{-# LANGUAGE CPP #-}
#ifdef __HASTE__
import Haste.DOM
import Haste.Events
#else
import System.Console.Haskeline
import Text.Parsec.Error
#endif
Lisp
McCarthy’s classic 1960 paper introducing Lisp is life-changing. Paul Graham’s homage The Roots of Lisp [PDF] to the original paper is more accessible, and corrects bugs.
Lisp features prominently in the history of functional programming languages, though any language with garbage collection owes at least a small debt to Lisp.
We’ll build a Lisp interpreter based on Graham’s paper:
For the command-line version, if it appears that an expression is incomplete, rather than complain immediately, our interpreter asks for another line. This feature requires importing the Parsec library’s Error module.
The interpreter itself only needs a few imports:
import Control.Monad
import Data.List
import Text.Parsec
Tree Processor
We define a data structure that will hold a Lisp expression. Lisp should really be called Trep: it processes trees, not lists!
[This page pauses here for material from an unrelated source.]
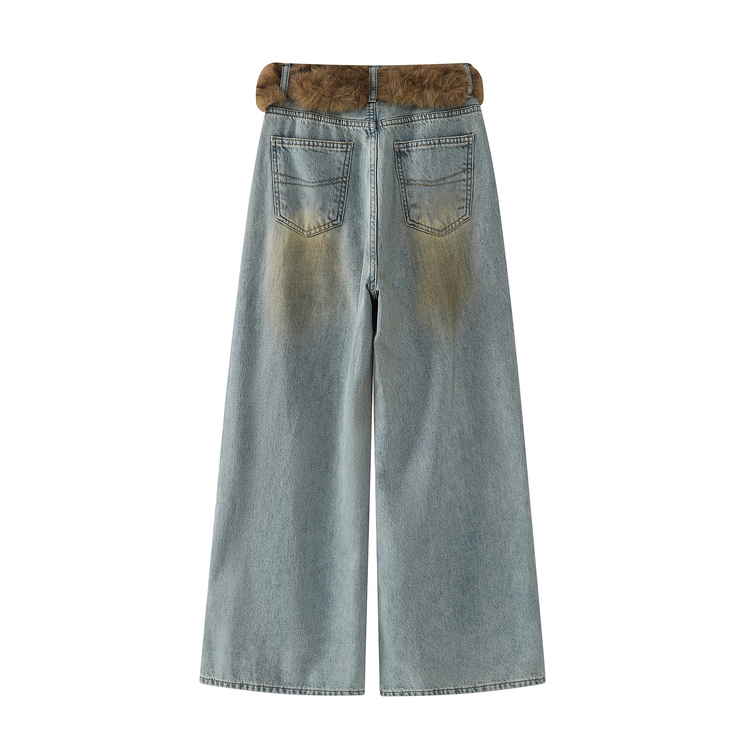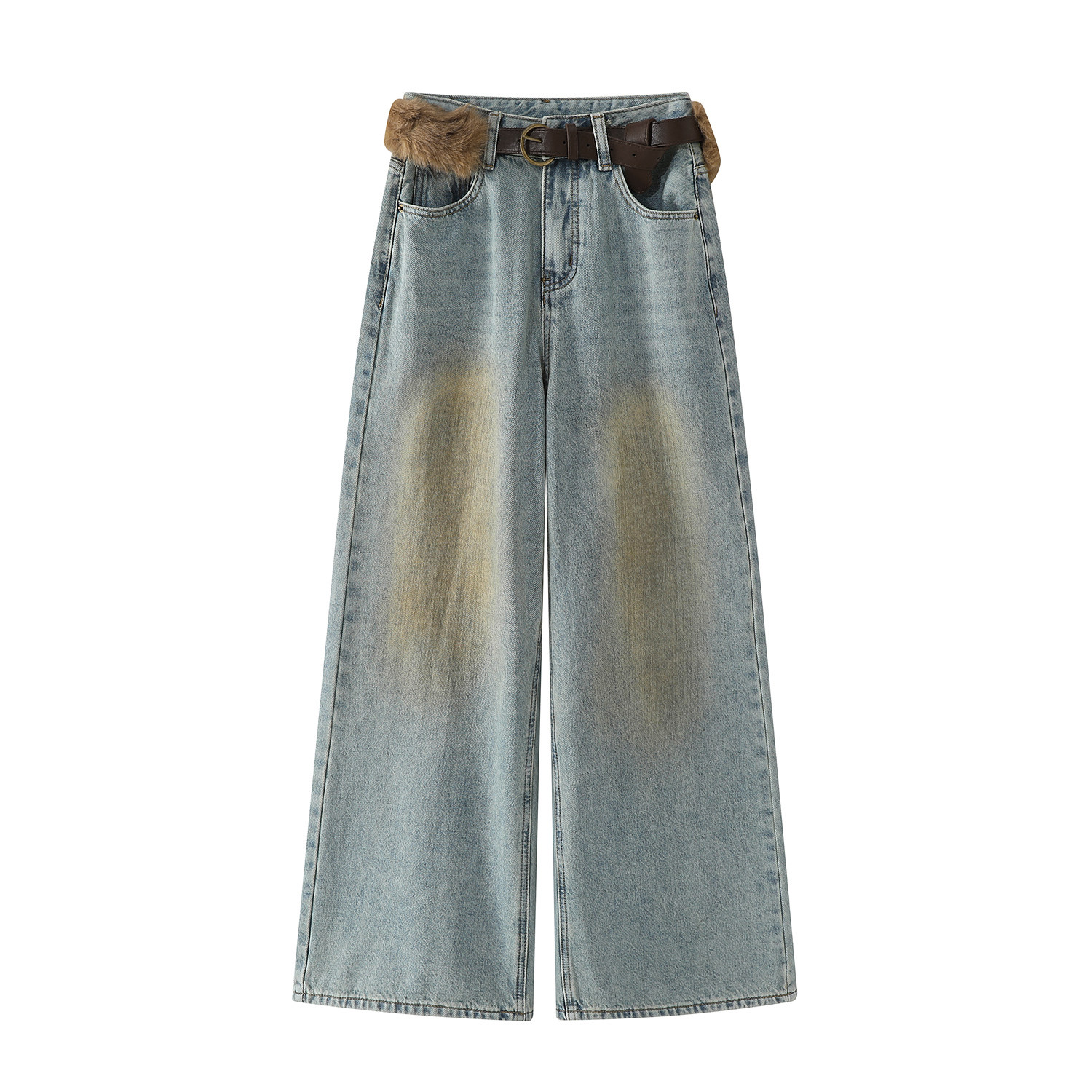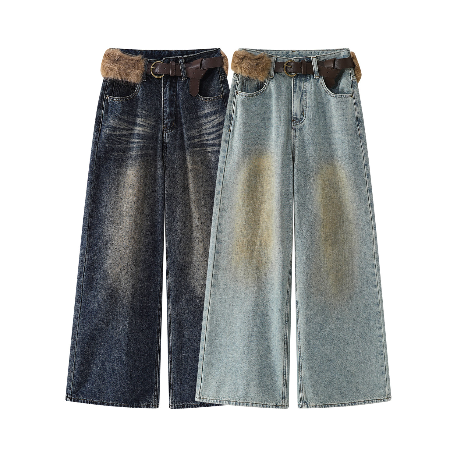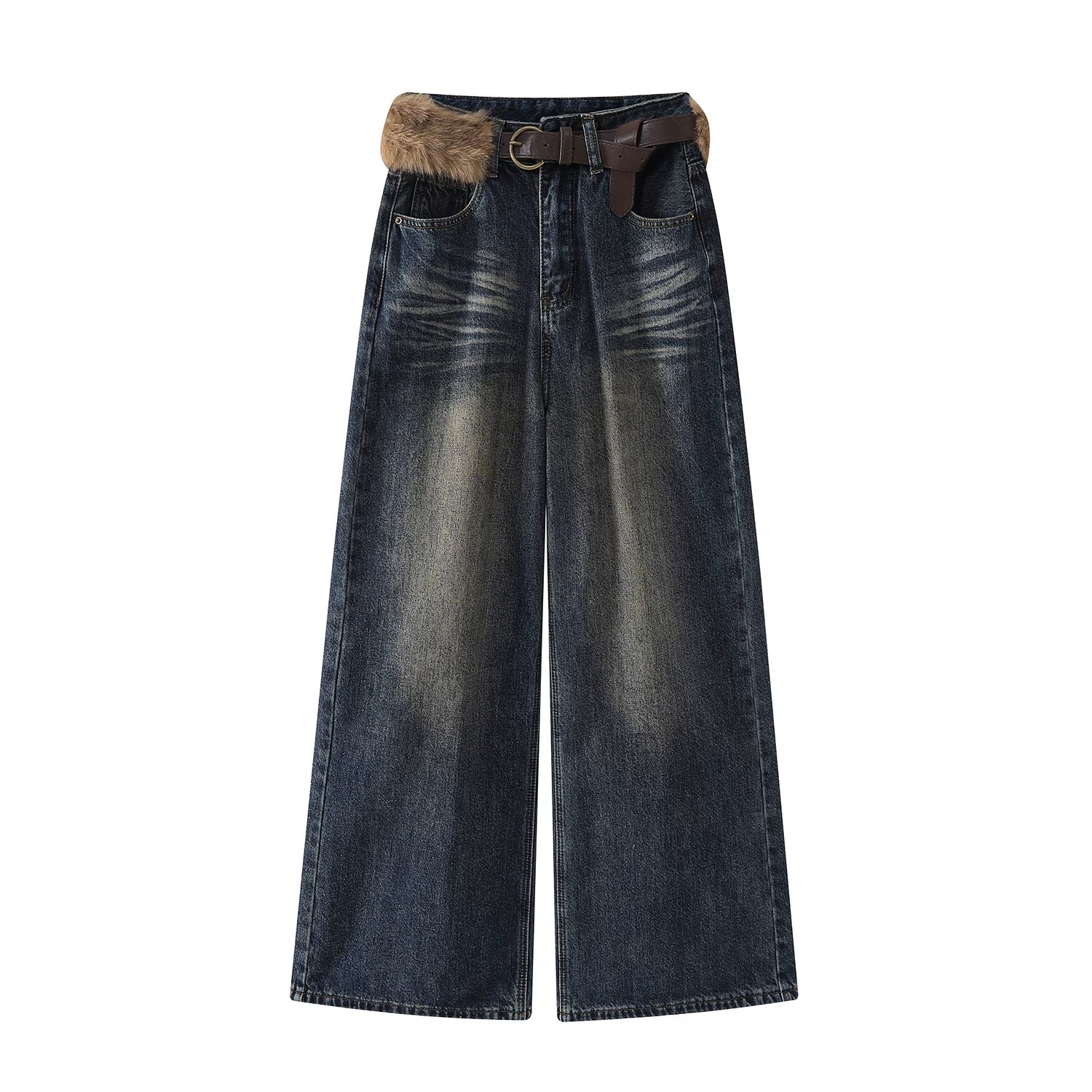 Chorissa Amerika üslubunda qadınlar üçün yüksək belli, qısaqol cins şalvar, payız və qış, unikal dizayn, retro, düz ayaq, boş forma, enli şalvar.

Atoms and the empty list are external nodes and non-empty lists are internal
nodes on a full binary tree. The atom
primitive of Lisp is slightly
confusing because it returns true for all atoms and the empty list; presumably
the name is-external-node
is too unwieldy.
To emphasize that Lisp expressions are binary trees, we construct external node
with Lf
, which stands for "leaf", and use the infix constructor (:.)
to
build internal nodes from left and right subtrees.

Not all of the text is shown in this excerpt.